▶ _Recorded information_
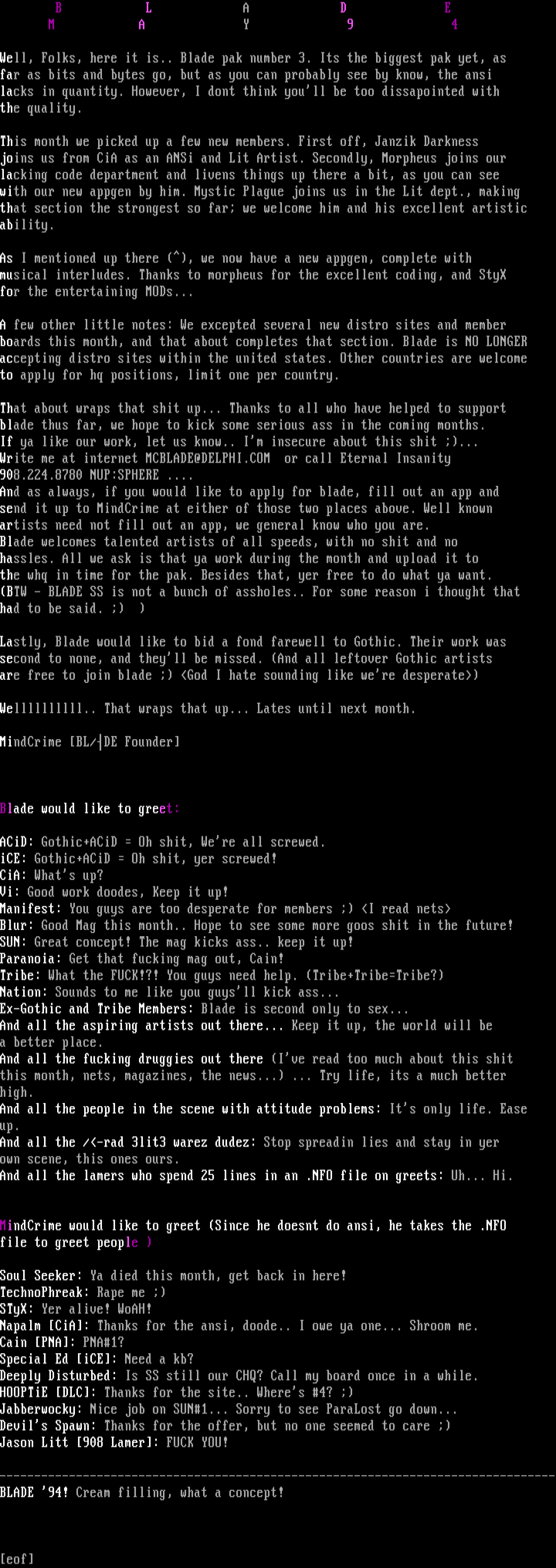 Write me at internet MCBLADE@DELPHI.COM or call Eternal Insanity
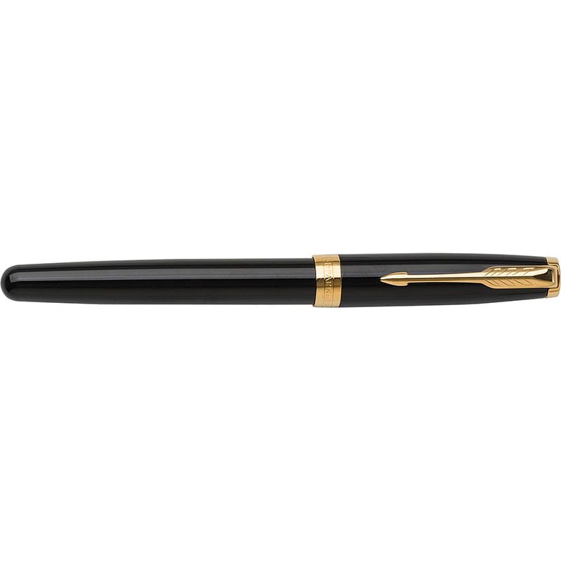 Stainless steel and lacquered brass Parker Sonnet rollerball pen with cap. Black ink. Pen pre-packaged in giftbox.
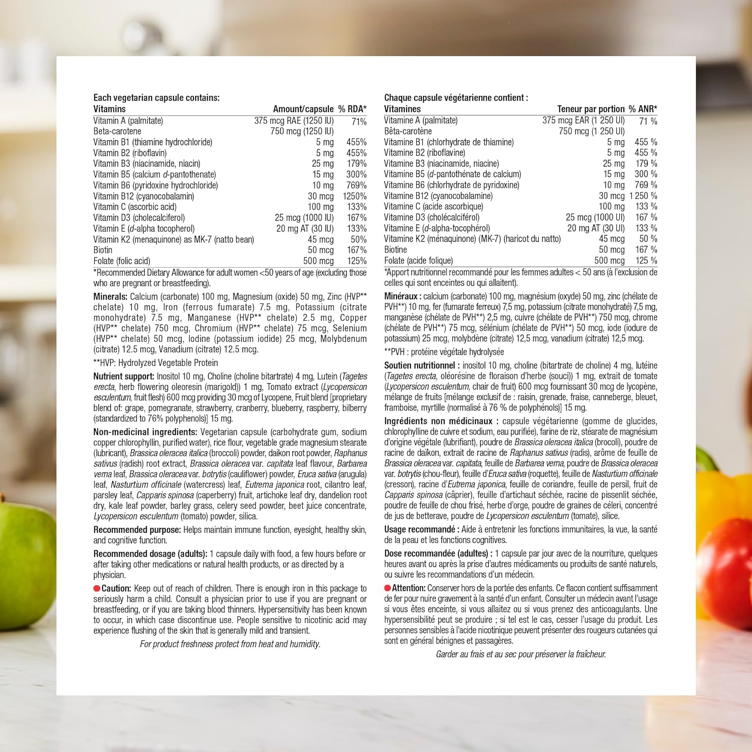 女性最全面的复合维生素提供100%的推荐维生素和矿物质,有助于增强女性的能量、免疫功能、骨骼健康等。每粒每日一粒的易吞服胶囊,以非转基因全食物为基质,富含生物可利用的必需营养素,包括维生素K2和螯合矿物质,适合素食者。

▶ _Instructions for the task_
Every line of the listing above is to be retyped exactly, but the pictures are to be dropped.

▶ _Result of this exercise_
 Write me at internet MCBLADE@DELPHI.COM or call Eternal Insanity
 Stainless steel and lacquered brass Parker Sonnet rollerball pen with cap. Black ink. Pen pre-packaged in giftbox.
 女性最全面的复合维生素提供100%的推荐维生素和矿物质,有助于增强女性的能量、免疫功能、骨骼健康等。每粒每日一粒的易吞服胶囊,以非转基因全食物为基质,富含生物可利用的必需营养素,包括维生素K2和螯合矿物质,适合素食者。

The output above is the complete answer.